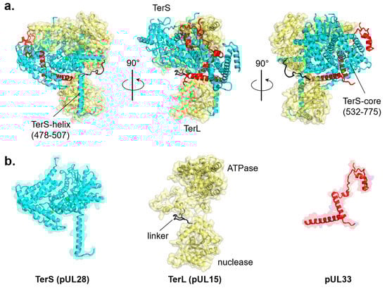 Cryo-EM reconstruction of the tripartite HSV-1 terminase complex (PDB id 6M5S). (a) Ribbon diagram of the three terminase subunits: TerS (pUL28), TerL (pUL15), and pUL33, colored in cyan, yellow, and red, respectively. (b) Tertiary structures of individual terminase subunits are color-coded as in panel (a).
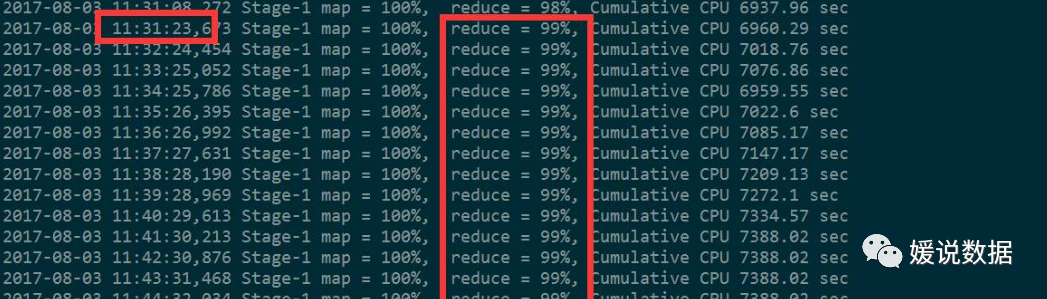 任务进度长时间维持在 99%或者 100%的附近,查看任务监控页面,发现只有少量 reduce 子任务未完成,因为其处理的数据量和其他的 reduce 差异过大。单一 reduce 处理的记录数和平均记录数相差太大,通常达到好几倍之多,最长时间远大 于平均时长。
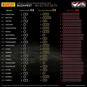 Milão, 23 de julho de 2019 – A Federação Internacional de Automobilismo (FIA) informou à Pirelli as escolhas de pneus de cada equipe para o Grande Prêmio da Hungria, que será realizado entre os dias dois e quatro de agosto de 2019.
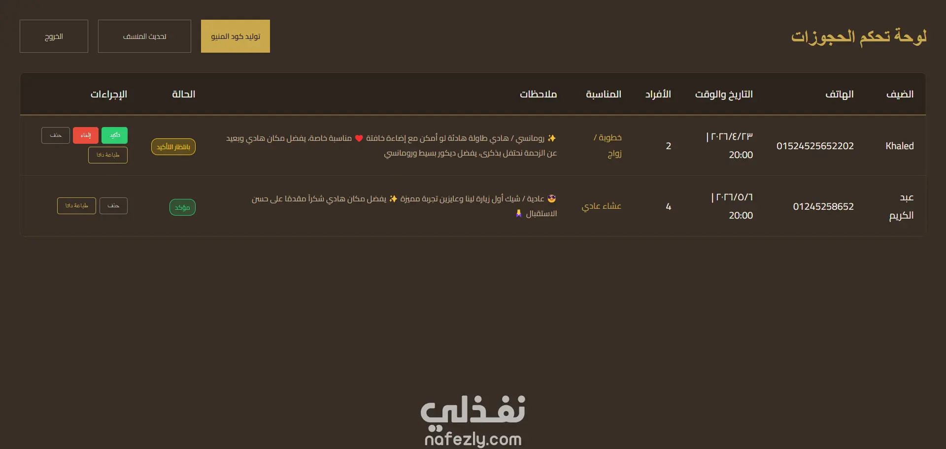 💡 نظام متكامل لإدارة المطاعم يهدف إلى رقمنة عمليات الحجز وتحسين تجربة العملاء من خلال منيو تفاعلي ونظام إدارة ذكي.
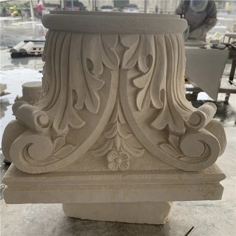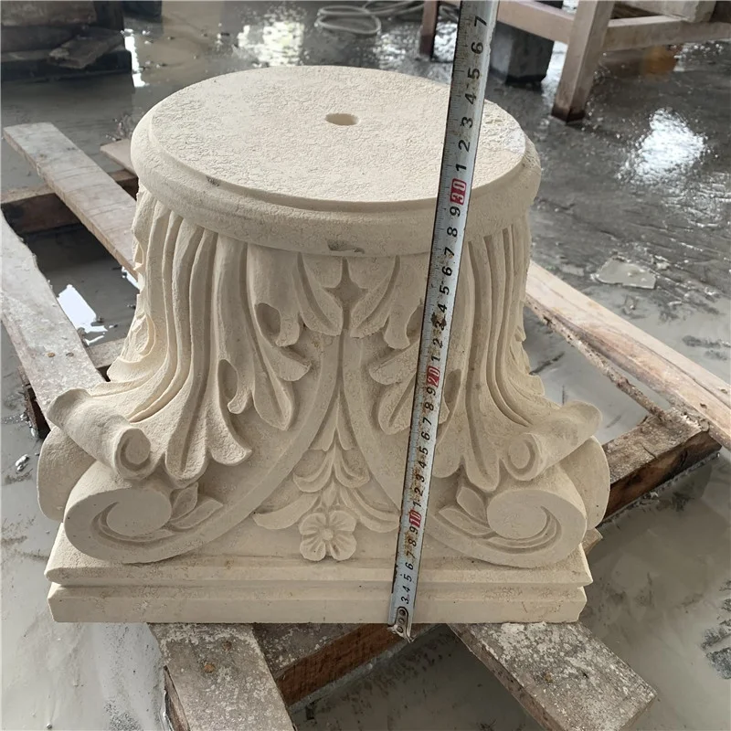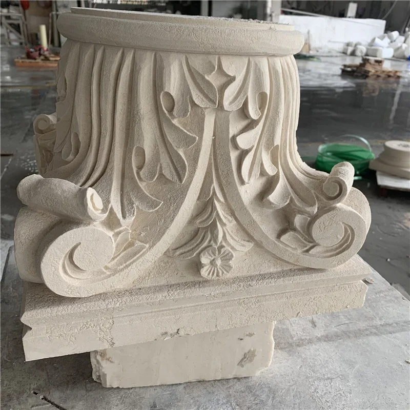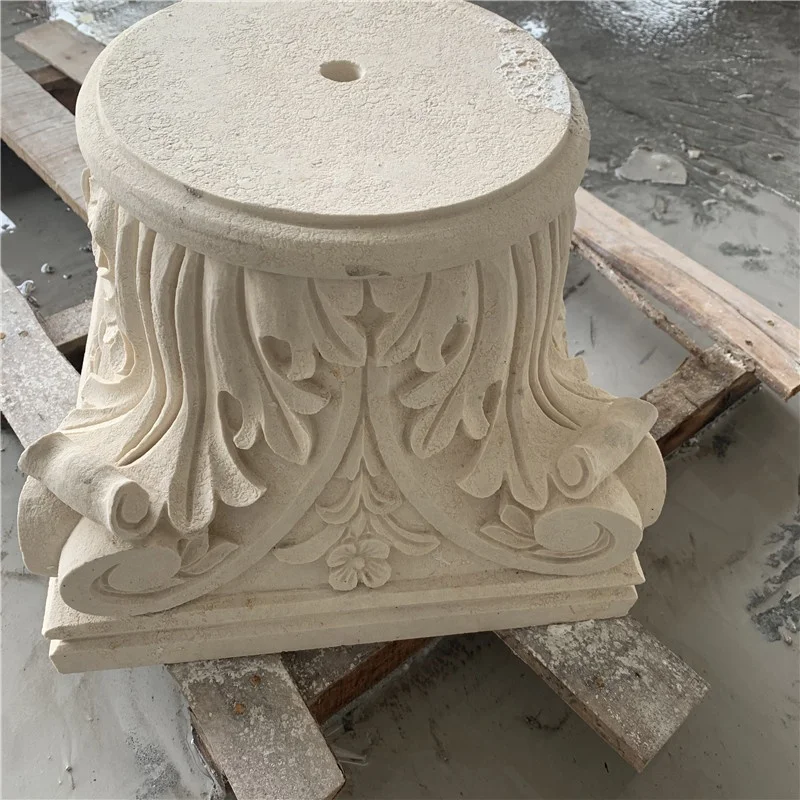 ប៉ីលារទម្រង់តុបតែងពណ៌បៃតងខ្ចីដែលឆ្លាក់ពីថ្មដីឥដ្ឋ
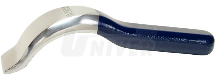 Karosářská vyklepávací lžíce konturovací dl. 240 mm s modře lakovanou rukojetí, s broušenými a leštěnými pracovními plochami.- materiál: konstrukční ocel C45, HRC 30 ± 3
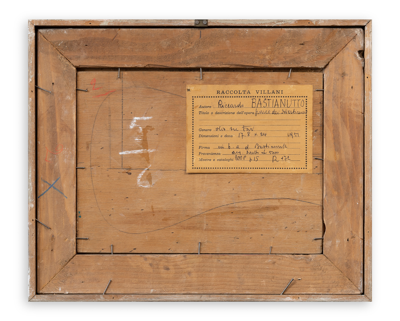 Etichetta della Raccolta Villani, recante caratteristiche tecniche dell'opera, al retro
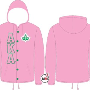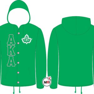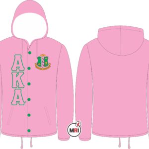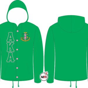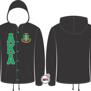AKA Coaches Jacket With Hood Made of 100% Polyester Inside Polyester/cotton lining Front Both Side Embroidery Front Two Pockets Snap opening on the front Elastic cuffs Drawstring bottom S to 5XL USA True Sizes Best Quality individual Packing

==

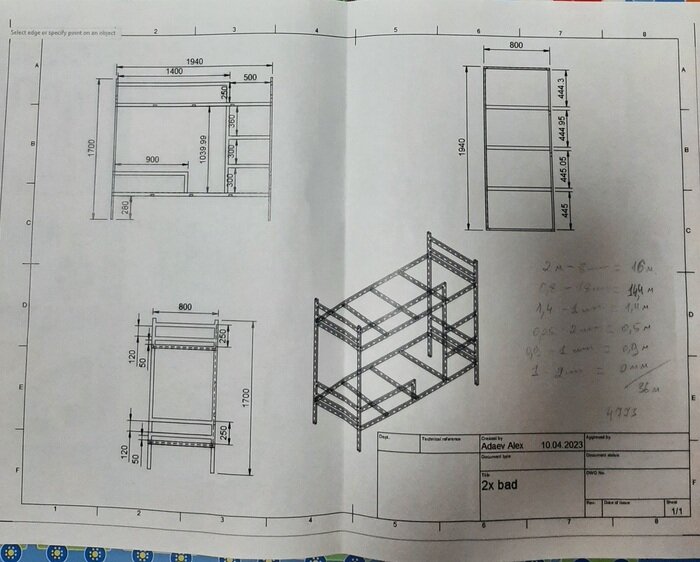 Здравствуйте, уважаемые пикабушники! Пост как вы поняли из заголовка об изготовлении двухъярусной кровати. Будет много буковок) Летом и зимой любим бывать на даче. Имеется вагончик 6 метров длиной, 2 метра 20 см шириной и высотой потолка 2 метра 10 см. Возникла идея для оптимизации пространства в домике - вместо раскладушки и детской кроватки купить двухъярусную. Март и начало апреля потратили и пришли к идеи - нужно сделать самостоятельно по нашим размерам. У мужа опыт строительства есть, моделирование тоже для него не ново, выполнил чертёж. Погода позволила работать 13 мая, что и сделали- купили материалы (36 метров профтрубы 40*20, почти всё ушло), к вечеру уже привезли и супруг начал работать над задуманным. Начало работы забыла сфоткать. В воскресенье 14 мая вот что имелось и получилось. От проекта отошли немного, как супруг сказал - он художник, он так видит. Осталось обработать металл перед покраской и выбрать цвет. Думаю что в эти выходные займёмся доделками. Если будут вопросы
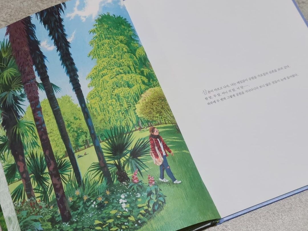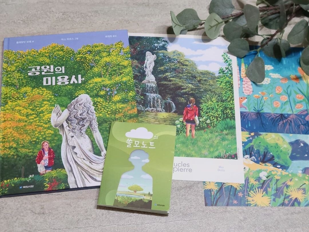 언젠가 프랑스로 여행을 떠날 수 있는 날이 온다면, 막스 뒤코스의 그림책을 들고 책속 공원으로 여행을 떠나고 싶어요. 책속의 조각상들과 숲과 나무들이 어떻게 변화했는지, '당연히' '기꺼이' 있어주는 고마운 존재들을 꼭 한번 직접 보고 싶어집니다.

* _Assignment_:
Extract the part of the records that opens with the line containing "Karosářská vyklepávací lžíce" and closes with the line containing "AKA Coaches Jacket". Take only those lines, exactly, and no pictures.

* _Solution_:
 Karosářská vyklepávací lžíce konturovací dl. 240 mm s modře lakovanou rukojetí, s broušenými a leštěnými pracovními plochami.- materiál: konstrukční ocel C45, HRC 30 ± 3
 Etichetta della Raccolta Villani, recante caratteristiche tecniche dell'opera, al retro
AKA Coaches Jacket With Hood Made of 100% Polyester Inside Polyester/cotton lining Front Both Side Embroidery Front Two Pockets Snap opening on the front Elastic cuffs Drawstring bottom S to 5XL USA True Sizes Best Quality individual Packing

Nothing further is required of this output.